◆ Task to carry out ◆
Quote word for word the lines below, beginning with the first and ending with the one that has "용혜인 의원실이 경찰청에서". Drop the pictures.

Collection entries
/---

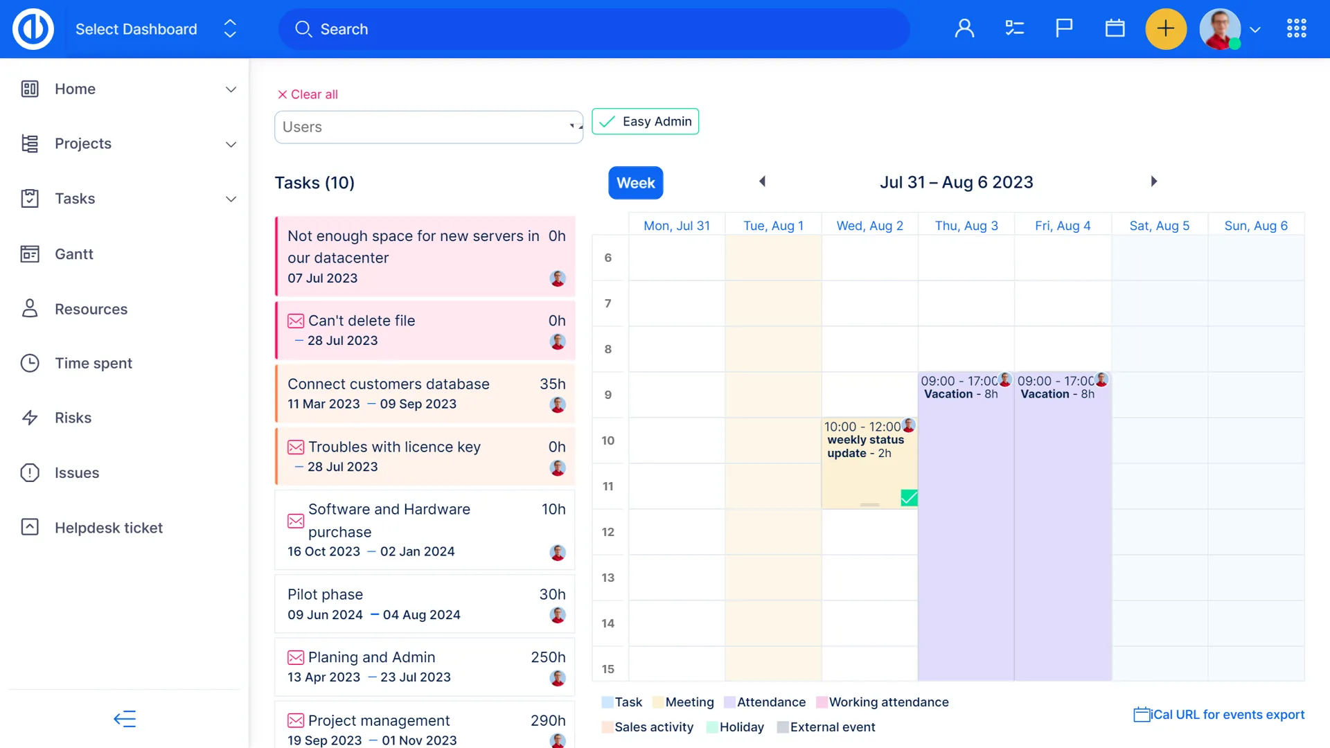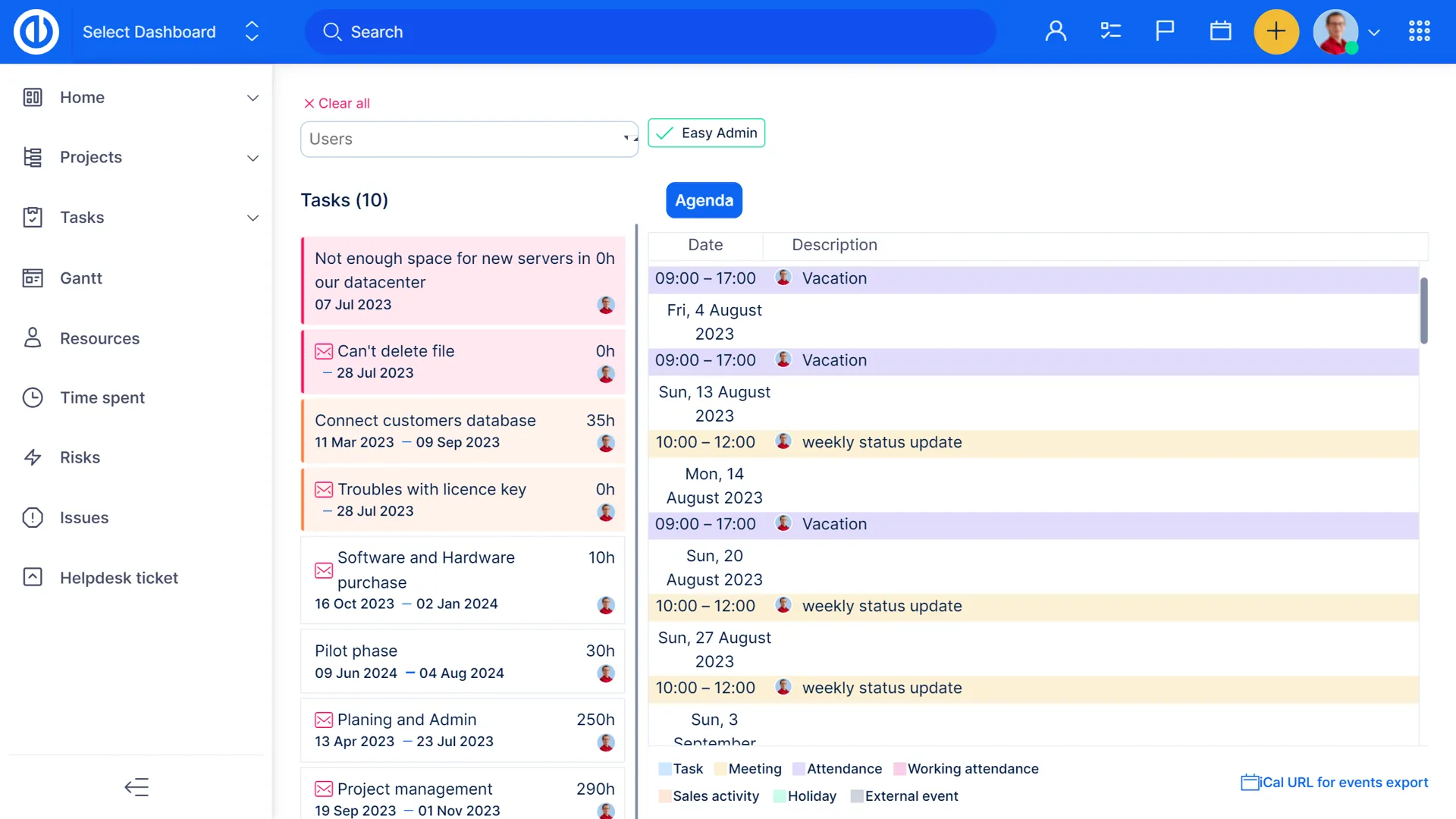 캘린더를 사용하면 캘린더에서 직접 작업을 계획하고 할당할 수 있습니다. 사용자가 회의, 비즈니스 활동 또는 기타 할당된 작업과 같은 다른 예약된 이벤트로 바쁜 때를 즉시 알 수 있습니다. 또한 사용자의 출석을 보여주기 때문에 부재 중에는 과제를 계획할 수 없습니다.
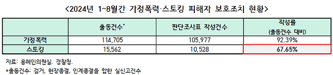 용혜인 의원실이 경찰청에서 받은 자료를 보면 지난 1월부터 8월까지 가정폭력 출동 사건의 판단조사표 작성률은 92.39%지만, 스토킹 범죄의 경우는 67.65%에 그쳤습니다.
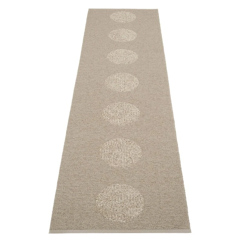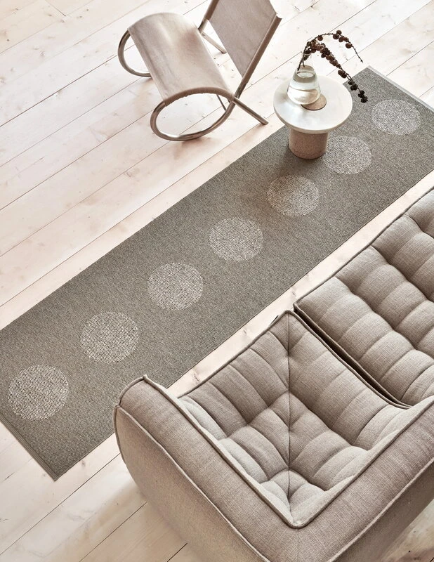 Pappelina’s Vera 2.0 rug is patterned by a row of large dots, adding a simple yet bold flair and a gentle metallic sheen to any decor. A two-sided design equals double the fun: you can flip the carpet over when you feel like it’s time for a new colour. The rug’s edges are reinforced and welded for extra durability, and you can wash the rug by hand or in a washing machine.
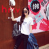 经典百搭宽松t恤,不挑身材,搭配淡蓝色牛仔裙,显瘦的同时还清爽大方哦。
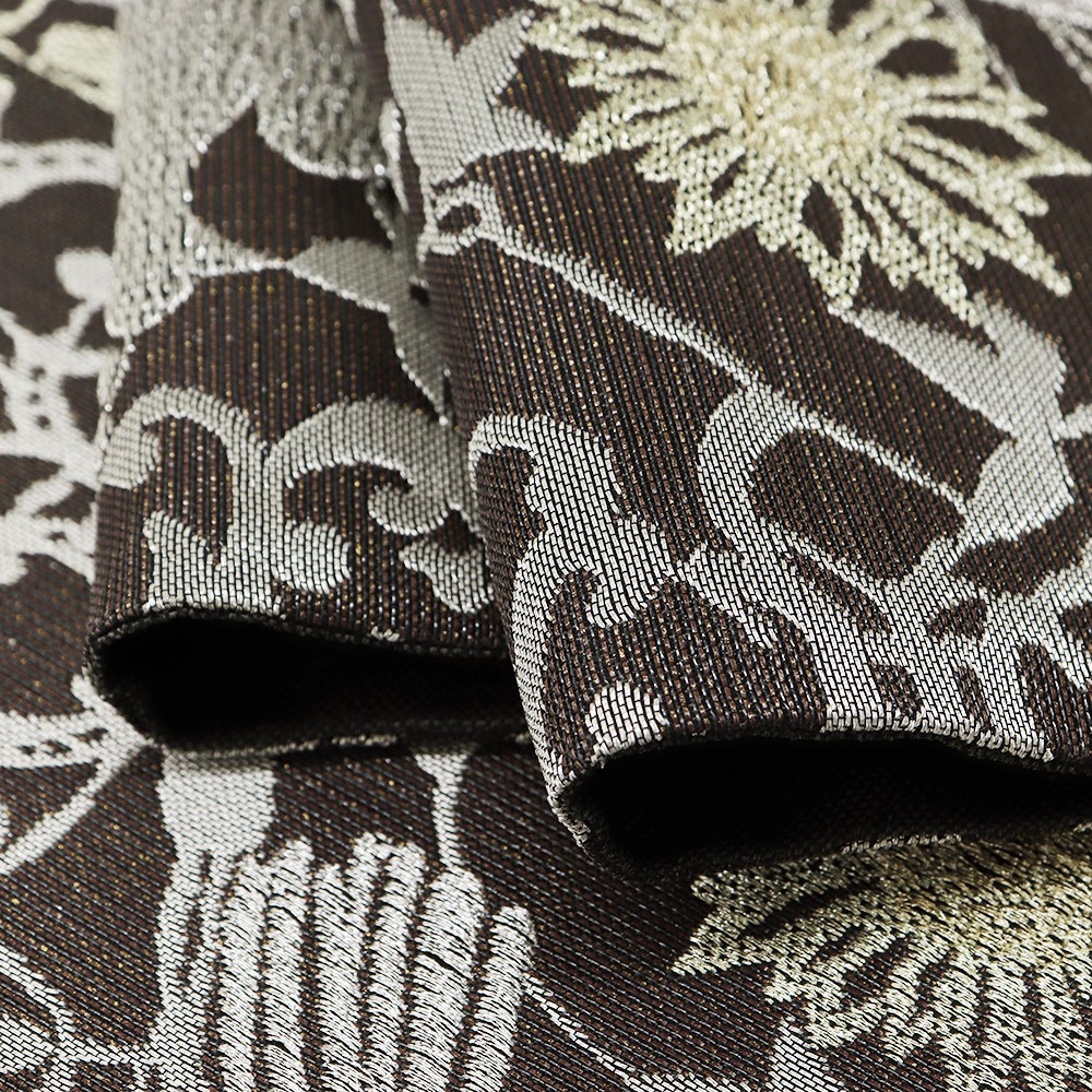 「献上取花鳥文」と名付けられたこちらの柄行きは、縦方向に柄を織り上げた献上柄デザインです。こげ茶の帯地と金糸の輝きが、重厚感と洒落感を併せ持った上品な仕上がりに。シックでハイセンスなおしゃれ帯をめざす【洛陽織物】ならではの、こだわりと美しさが全面に表現されている一本です。

\---

◆ Result for this exercise ◆
 캘린더를 사용하면 캘린더에서 직접 작업을 계획하고 할당할 수 있습니다. 사용자가 회의, 비즈니스 활동 또는 기타 할당된 작업과 같은 다른 예약된 이벤트로 바쁜 때를 즉시 알 수 있습니다. 또한 사용자의 출석을 보여주기 때문에 부재 중에는 과제를 계획할 수 없습니다.
 용혜인 의원실이 경찰청에서 받은 자료를 보면 지난 1월부터 8월까지 가정폭력 출동 사건의 판단조사표 작성률은 92.39%지만, 스토킹 범죄의 경우는 67.65%에 그쳤습니다.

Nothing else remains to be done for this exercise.